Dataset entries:
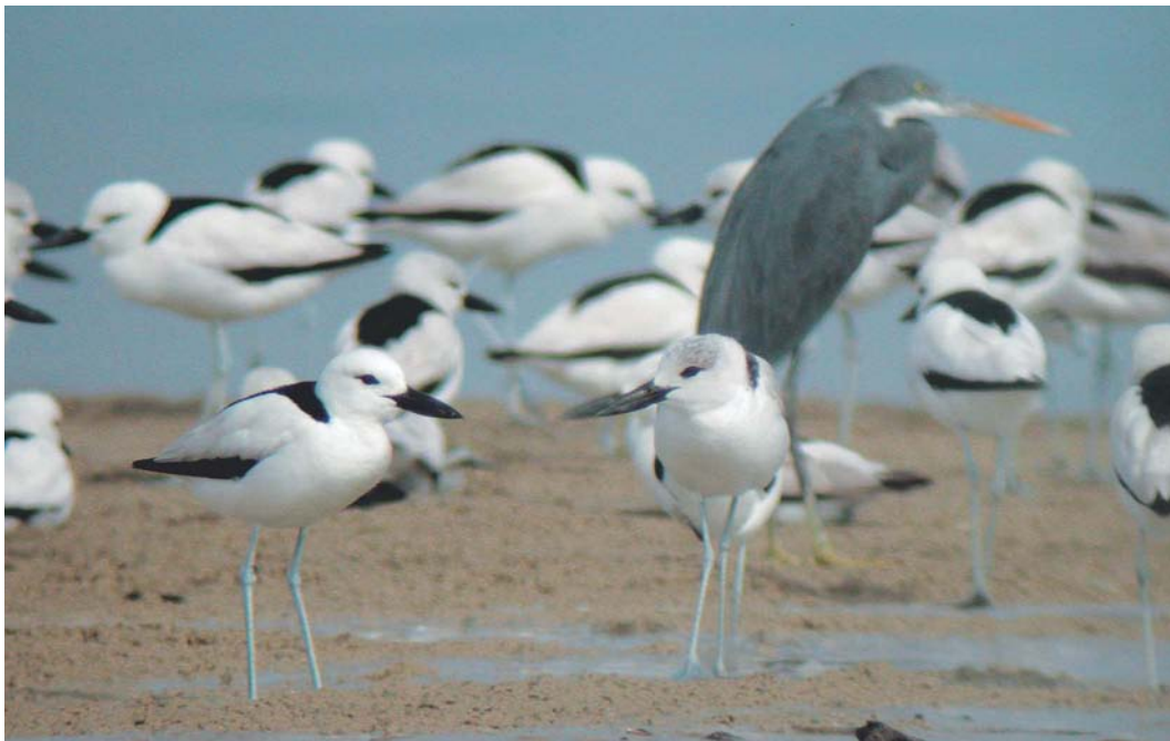
425 Crab-plovers / Krabplevieren Dromas ardeola , with Indian Reef Egret / Rode-Zeerifreiger Egretta gularis schistacea , Hara protected area, Hormozgan, Iran, 11 January 2004

den Berg 2004). Up to 12 Caspian Stonechats Saxicola maurus variegatus , 10 Plain Leaf Warblers Phylloscopus neglectus and 242 Dead Sea Sparrows Passer moabiticus were recorded. Surprisingly, 35 Mesopotamian Crows Corvus cornix capellanus were seen. This taxon, sometimes treated as a separate species, is restricted to an area along the Euphrates in south-eastern Iraq and south-western Iran and has a contrasting black-and-white plumage, with the grey parts of Hooded Crow C. c. cornix much paler and almost white (cf Madge & Burn 1993). Near Bostan, an Oriental Pratincole Glareola maldivarum was discovered on 18 January, providing the first observation for Iran. It was studied for c 20 min under good light conditions. Unfortunately, the distance was too large to take photographs and to see subtle identification characters as primary pattern, colour of the underparts, leg length and bill pattern. A description is given in appendix 1. At Aflok basin, a probable Basra Reed Warbler Acrocephalus griseldis was observed. This would be the second sighting in winter after one reported in February 1998. The bird was observed for c 2 min at a distance of 20 m. A description is given in appendix 2. At Karun fishponds, a juve-
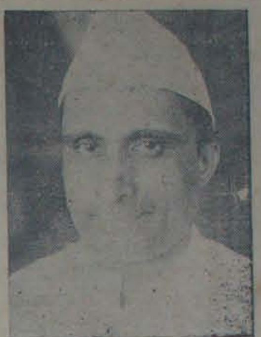
యన్.కె. పాటిల్ (కాంగ్రెస్ కాంగ్రెస్ నాయకులు.)

'జమీన్ రైతు' ఆంధ్ర జాతీయ వారపత్రిక ప్రత్యేక కాంగ్రెసు సంచికను వెల్లూరు వెళ్ళింది. ఈ ప్రయత్నం అన్ని విధముల బయట ప్రచురుగుతూ రక్షణ భారతంలో కాంగ్రెస్ కార్యక్రమాన్ని ఉత్సాహంతో కొనసాగించుటలో ఇది తోడ్పడును నా విశ్వాసం.
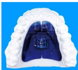
Figura 5: Placa activa.

La placa activa está compuesta por plano metálico, 2 retenedores Adams, 1 arco deslizante de acero, puede llevar un tornillo de expansión, que se activa 1 vez al mes para trabajar de acuerdo con el crecimiento y desarrollo. (20)

*ASSIGNMENT*.
Find the word "activa" in the data and show each line that holds it.

*RESULT OF THE TASK*.
Figura 5: Placa activa.
La placa activa está compuesta por plano metálico, 2 retenedores Adams, 1 arco deslizante de acero, puede llevar un tornillo de expansión, que se activa 1 vez al mes para trabajar de acuerdo con el crecimiento y desarrollo. (20)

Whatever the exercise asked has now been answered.